UN’s plan for derelict oil tanker off Yemen still needs $16mn

The Safer has been moored in the Red Sea since 1988.

Sanna The UN is still working on raising funds to prevent a massive oil spill from the derelict Safer oil tanker in the Red Sea off Yemen, and the plan still needs about $16 million, a government official said here.

“The UN is getting close to receiving enough funds to reach the $80 million target to salvage oil from the rotting Safer tanker that’s falling apart off,” the official told Xinhua news agency.

“Yemen’s private sector, particularly the multinational HSA Group, announced that it will donate $1.2 million to fund the UN’s salvage operation,” he added.

The official reaffirmed the government’s full support for the UN efforts aimed at pumping more than 1 million barrels of oil from the 45-year-old Safer tanker and stopping an environmental catastrophe in the Red Sea.

In June, the UN launched the crowdfunding campaign to avert oil spill from the decaying FSO Safer that is moored in the Red Sea north of the port city of Hodeidah.

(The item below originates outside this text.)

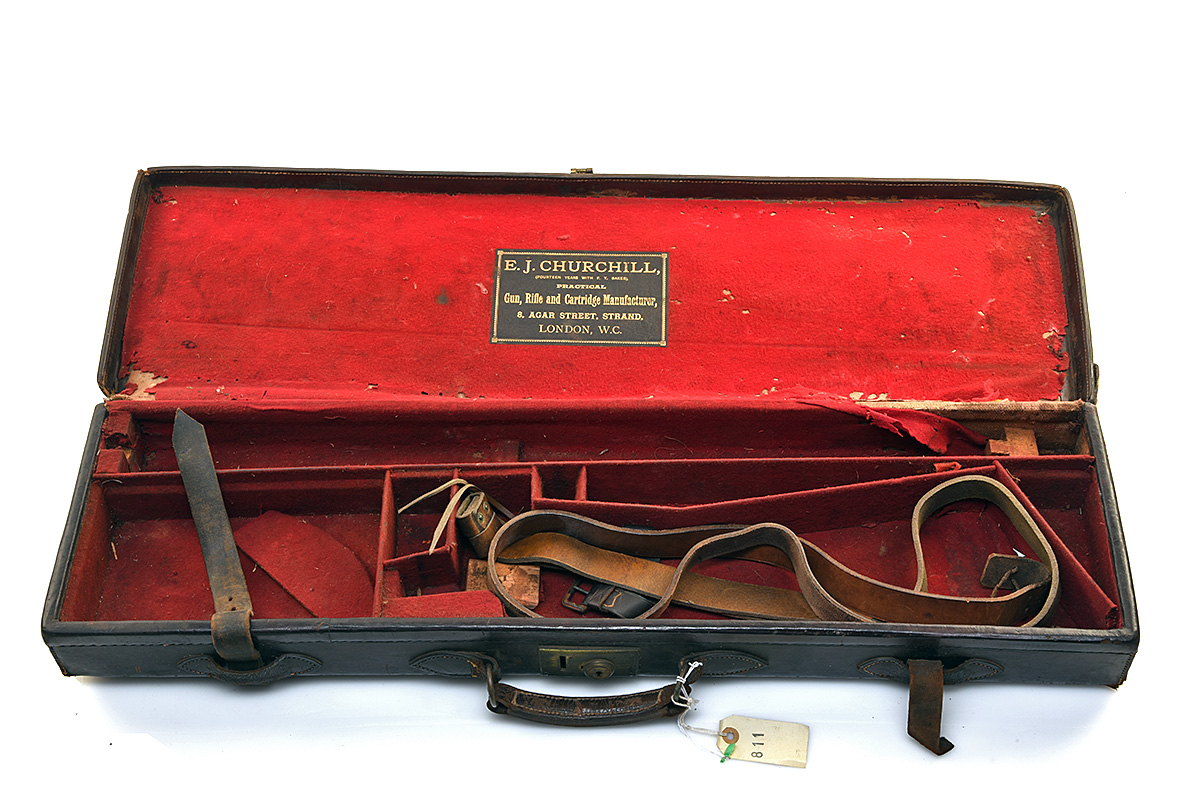 A LEATHER SINGLE GUNCASE, fitted for 30in. barrels, the interior lined with red baize (moth damage), an E.J. Churchill trade label, brass lock (key missing)

The decaying, dilapidated supertanker has been described as a “floating time-bomb” that risks causing an explosion or an oil spill four times as disastrous as the 1989 Exxon Valdez incident in the Red Sea.

The Safer has been moored in the Red Sea since 1988.

The Houthis have been blockading UN efforts to inspect and maintain the vessel after the war between the group and the Yemeni government began in 2014.